Теперь осталось самое занудное – подмести двор, уложить сор в тачку и поставить у забора. Мусорщики завтра все заберут.

Остановился перекурить. И тут понял, что кролику уже недолго скакать на подсевших батарейках. Навалилась сильная усталость. Даже в глазах потемнело.

Повторное омовение ледяной водой сил и бодрости не прибавило. Стиснув зубы, Владимир взял в руки метелку и превратился в робота-уборщика, апатично совершающего одно и то же действие:

Шрххх!.. Шрххх!.. Шрххх!..

Он часто прерывался на перекуры. С каждой минутой метла становилась все тяжелее и тяжелее. А двор казался все больше и больше. Никогда не удастся закончить его уборку. Все равно что вычерпать ложкой океан.

Момент, когда невероятное все-таки произошло, Владимир как-то не запомнил. Бросив метлу, выкатил из сарая тачку. Вооружился совковой лопатой и битых полчаса таскал тачку от одной кучи дворового мусора к другой.

Когда куч не осталось, побрел в дом.

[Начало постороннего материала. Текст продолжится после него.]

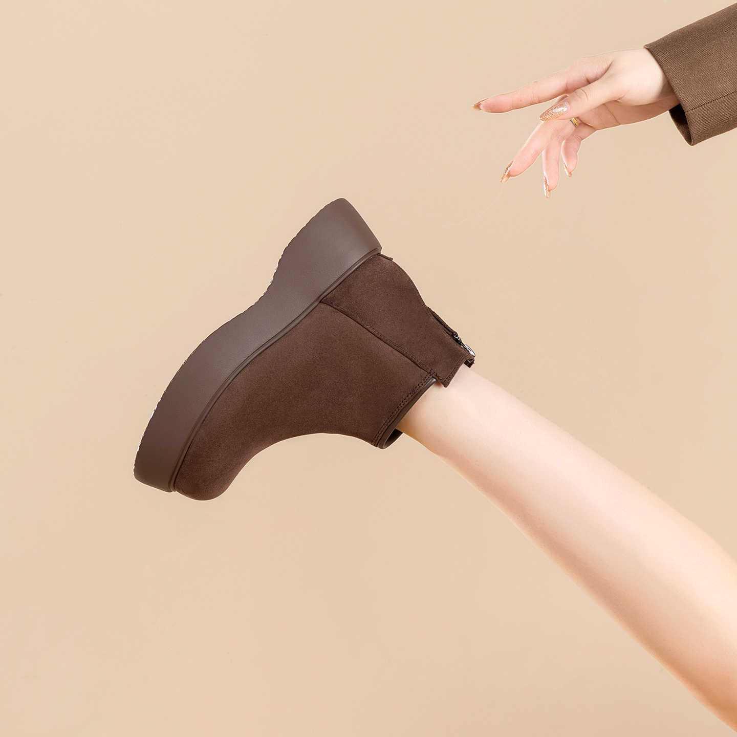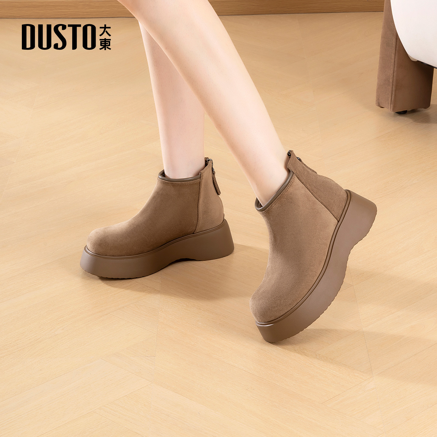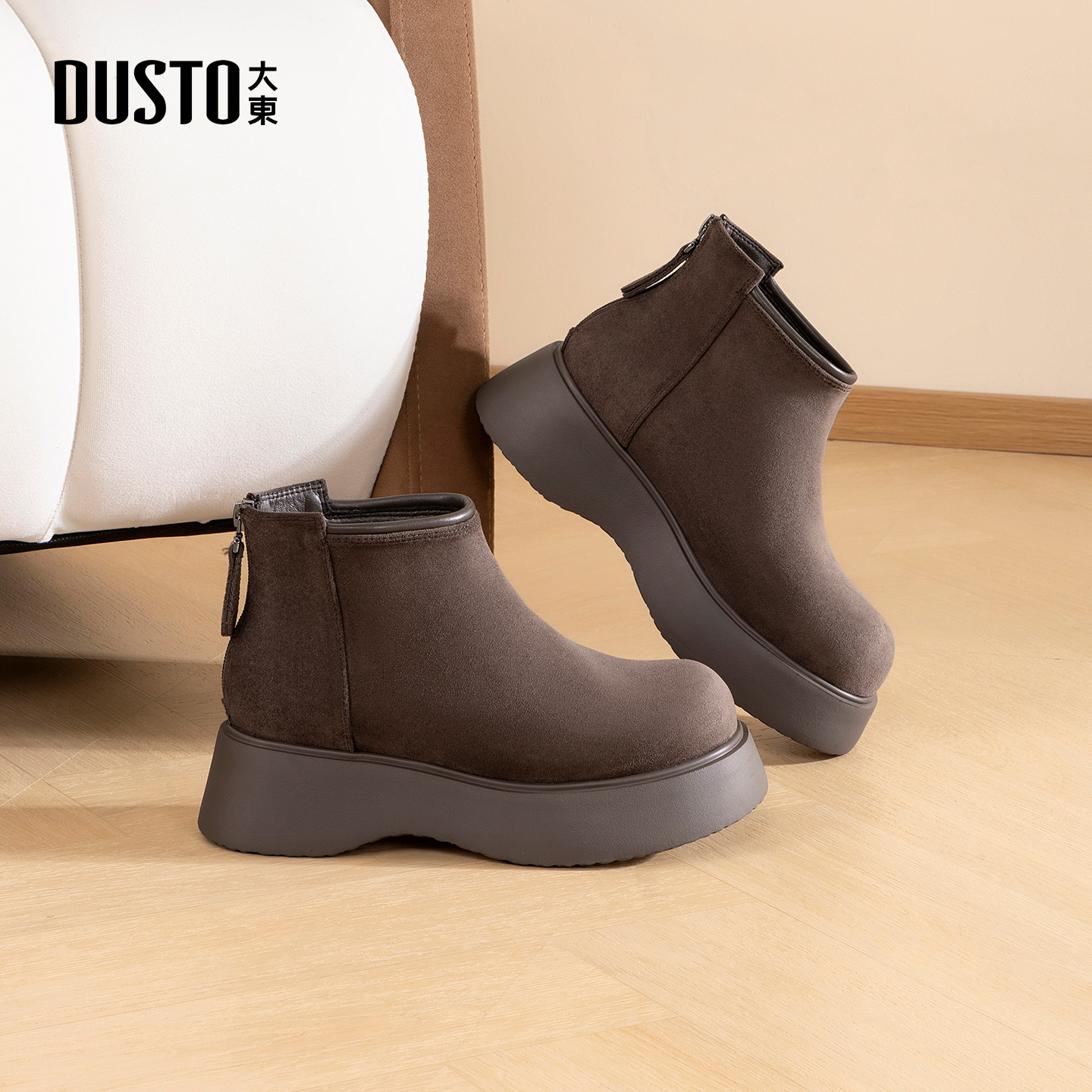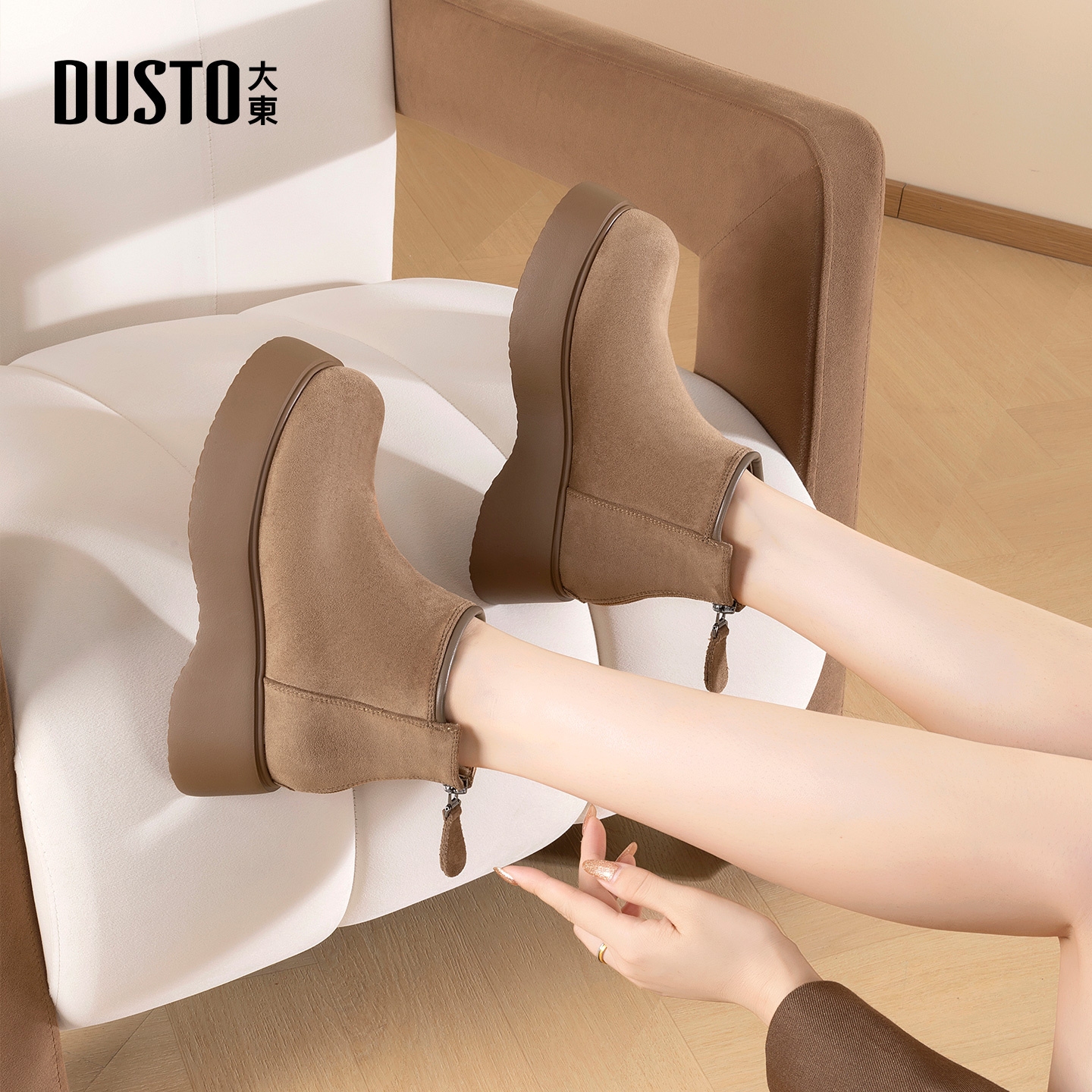 大东女靴时装靴2025冬季新款复古绒面圆头后拉链厚底增高女士短靴

Ничком лег на диван в гостиной и закрыл глаза.

* * *

Женщина была молодая, красивая, улыбчивая. Черные вьющиеся волосы, ниспадающие на плечи. Серые глаза. Пухлые чувственные губы. Одета в белый греческий хитон, туго затянутый узким поясом, что придавало ее фигуре некоторое сходство с песочными часами.

– Что ты отдашь взамен? – проворковала она.

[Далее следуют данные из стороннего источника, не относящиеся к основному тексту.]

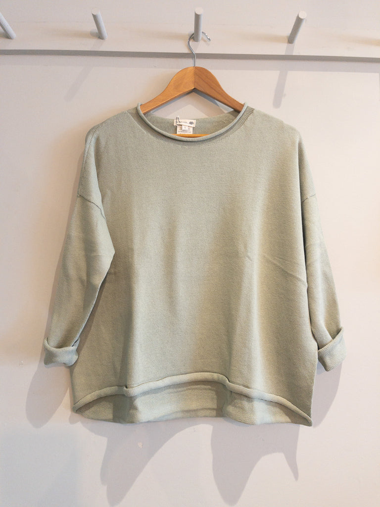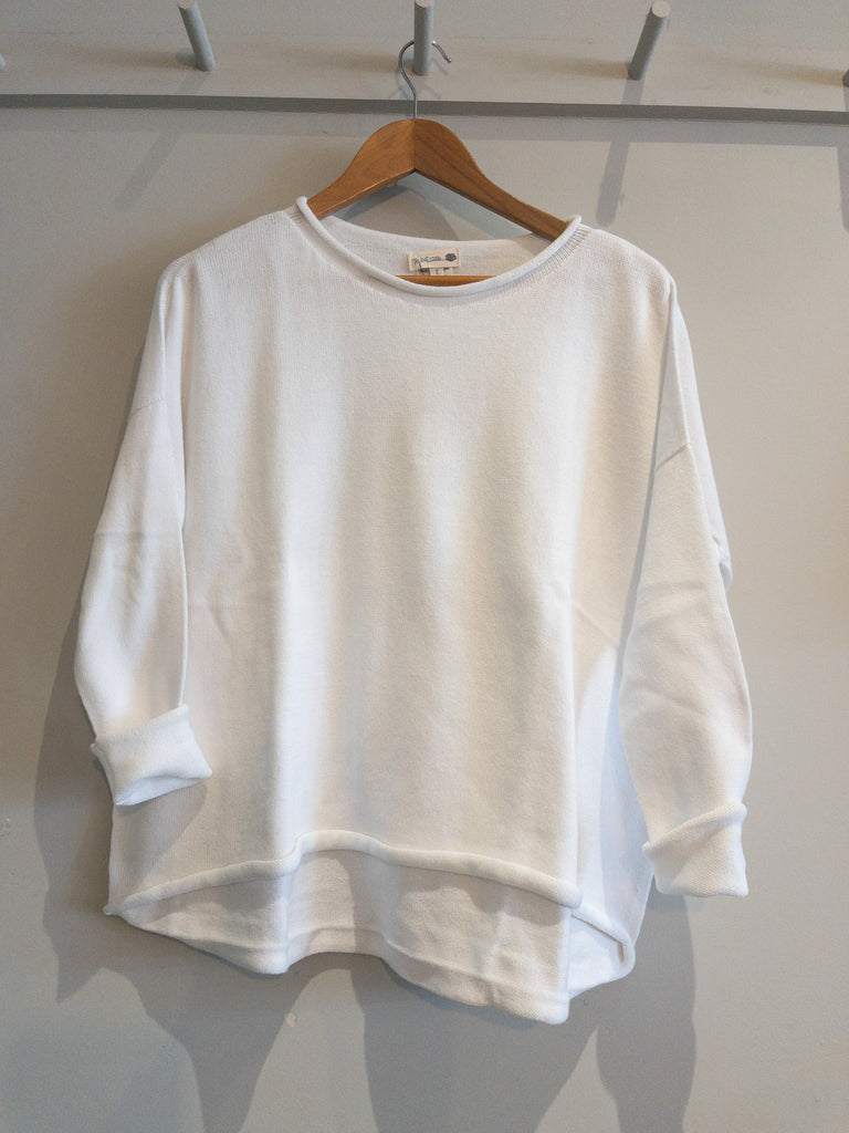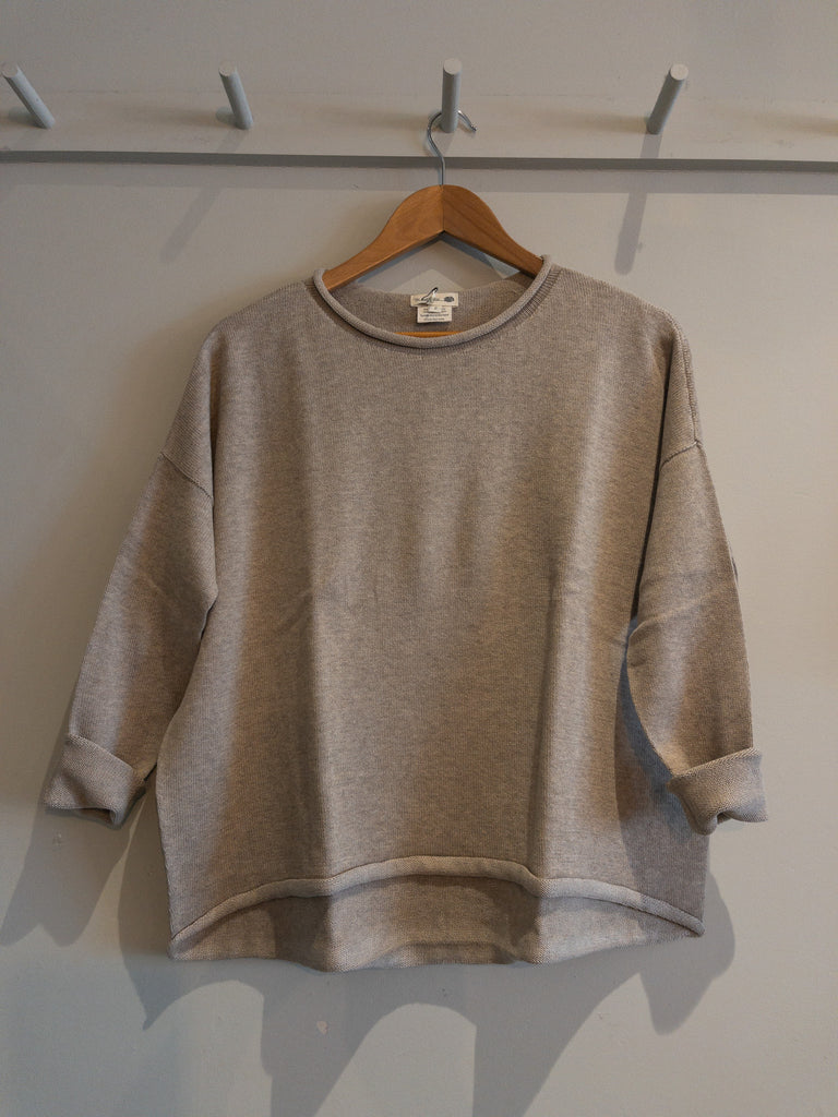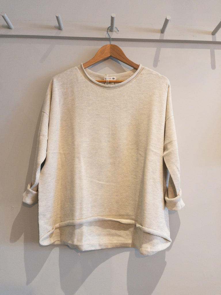 Curled Edge Cotton Jumper - Oatmeal Melange

– Не знаю, – растерялся Владимир. – У меня ведь ничего нет…

– А ты согласишься отдать свои ноги?

– Пожалуйста.

– А руки?

– Забирай! – Владимир хмыкнул. – Это же сон…

– Меня радует твоя щедрость. А свою голову ты мне отдашь?

– Без головы я умру. Даже во сне.

– Не обязательно. У меня вот, например, нет головы – и ничего…

Она вдруг заплакала – громко, навзрыд.

– Ну вот, – пробормотал Владимир, пытаясь ее обнять. Чтобы утешить красавицу, приголубить. – А говорила, что ничего страшного. Можно, дескать, и без головы жить…

От звука собственного голоса он проснулся.

Черт, это действительно был сон. Но какой яркий, запомнившийся даже в деталях!.. Владимир перевернулся на бок. Старый диван заскрипел, жалобно заныли пружины. На улице смеркалось. Часов восемь вечера, не меньше.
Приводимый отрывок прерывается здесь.